We leveled up today on our length and difficulty of our snorkeling projects. We visited patch reefs inside and outside the protected area and did transects for comparison. We also collected sea urchins in a 25 minute period, then measured and ID’ed them. Compared to the no-take zone, the unprotected zone had drastically fewer urchins, which starts to give you an idea of the breadth of human impact on some of these reefs.
To be honest, I got a little distracted during the urchin collected period because there were so many worms around! I saw about 20 christmas tree worms, two social feather dusters and one split-crown feather duster. They’re really beautiful little things. There was one coral in particular covered by about 10 christmas tree worms in a variety of colors—from blue-grey to yellow to orangeish-brown. If you wave your hand in front of them they tuck themselves inside their tube to hide, then slowly reemerge after a moment. There will be pictures to come.

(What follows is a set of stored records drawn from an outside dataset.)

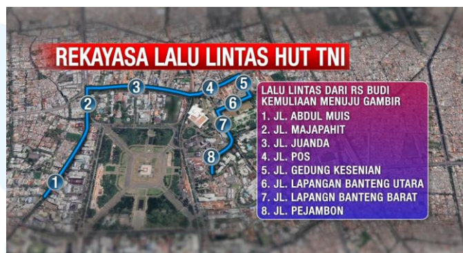
Gambar 2.5 Rekayasa Lalu Lintas HUT TNI

Berikut ini merupakan berita mengenai adanya rekayasa lalu lintas untuk hari ulang tahun TNI. Berita ini ditayangkan pada program iNews Pagi untuk menyampaikan informasi kepada penonton agar
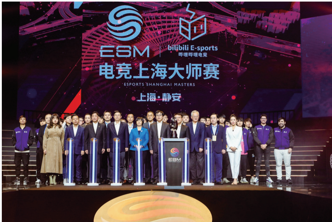
2019电竞上海大师赛助力申城打造全球电竞之都

每天比赛的最后,获得冠军的队伍和选手都会捧起大师赛奖杯。甚至有获得冠军的选手开玩笑地做出举动,想要把奖杯直接带走,因为他们觉得这座奖杯异常耀眼。但这座奖杯就和电竞大师赛一样,将永远属于上海。
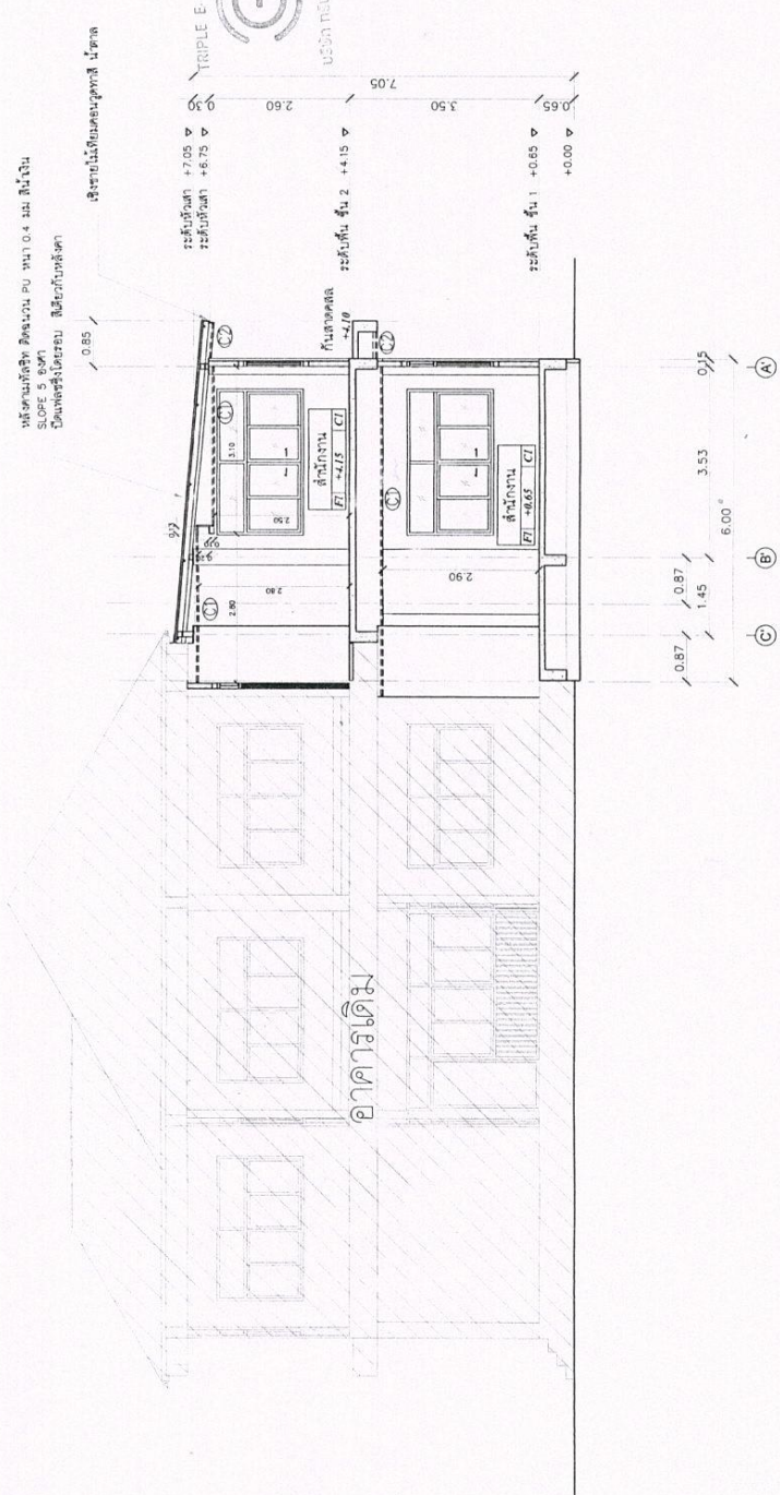
รูปตัด A-A SCALE 1:100
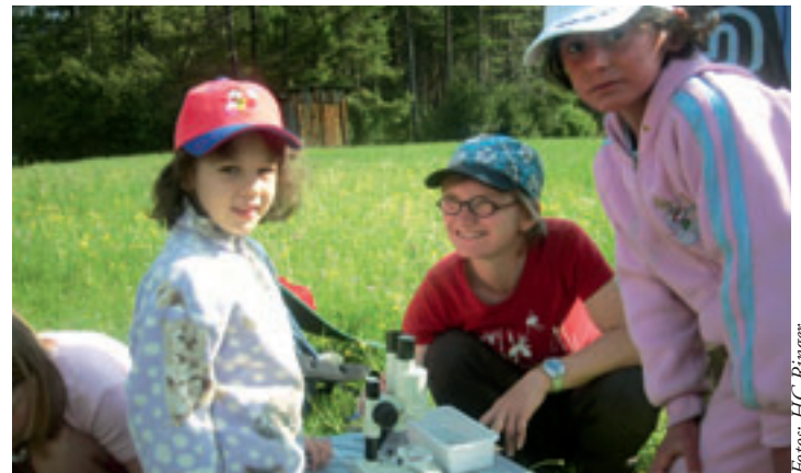
Das Mikroskop ermöglicht tolle Einblicke in eine fabelhafte Wunderwelt
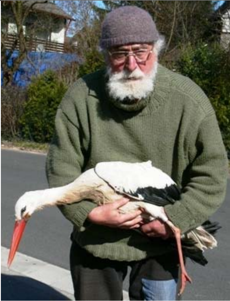
[43: Twentys letzte Reise]
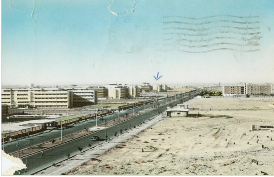
مدينة الرياض .. ( شارع الوزارات من البداية ) ..
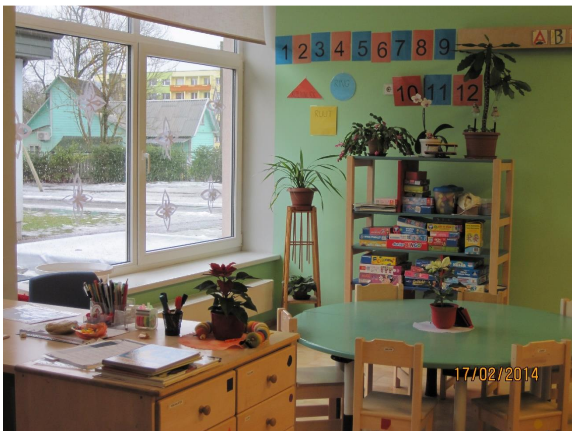
KUVA 4. Ryhmähuone

Kuvassa 4 näkyy yksi lastentarhan ryhmähuoneista. Jokaisessa ryhmähuoneessa on lastentarhanopettajan pöytä, missä voi tehdä paperitöitä ja
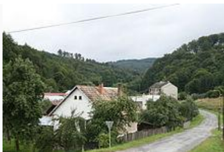
Údolie Prikrianky s chránennou krajinou oblasťou Východné Karpaty
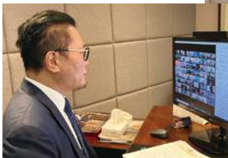
8月8日 史立德會長在線上出席由行政長官主持的《2022年施政報告》諮詢會，並就提升競爭力及建設國際創新科技中心提出多項建議
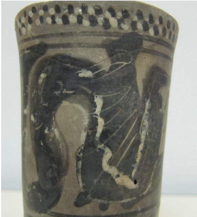
Εικόνα 162: Λήκυθος ΜΑΙΤ 9367, αρ. κατ. 45, λεπτομέρεια.

Hello everyone! Today was an exciting but tiring first full day at Glover’s Reef. We began the morning with a snorkeling scavenger hunt on the patch reefs nearby, looking for behaviors like antagonistic interactions as well as different kinds of organisms, followed by a transect activity on land to determine the abundance of crab holes in the area. After lunch, we went out to the reef for our second transect activity focusing on the abundance and density of different species of green algae.
While we were in the water, I got the chance to hold my first echinoderm (!!!!), a sea urchin. It was about the size of my palm, had a reddish brown body and pale cream colored spines that got slightly darker closer to its body, and was found among the seagrass beds by the dock. It was a West Indian Sea Egg (Tripneustes ventricosus). It felt kind of weird when I was holding it, with the mouth suctioning at my hand and the spines poking me ever so slightly, but it was really cool as well.
Later on, we visited an area covered with fossilized coral. It was fascinating to examine the (almost) perfectly preserved pieces and try to identify them. I learned a lot about the different kinds of polyps and ridges that a coral can have and I’m looking forward to going back out to the reefs to look for the live versions of all the corals we saw. That’s all for today everybody! Thanks for reading! 🙂
Today we left land and moved out to sea. I enjoyed our long boat ride out to Glover’s Atoll, its been a while since I’ve been on the ocean and the waves felt great. It’s a beautiful place out here. After orientation we hopped in the water for a quick snorkel on the patch reef. I ended up having a few technical difficulties towards the end that hopefully practice will resolve.
I am already having more luck with this taxonomic group. I saw two orange Pomatostegus stellatus (star horseshoe worms) growing on a coral, and apparently Grace found Spirobranchus giganteus (christmas tree worms) as well. Besides annelids I saw staghorn coral, a queen conch, a ray, and a ton of fish, soft coral and sponges I couldn’t specifically identify.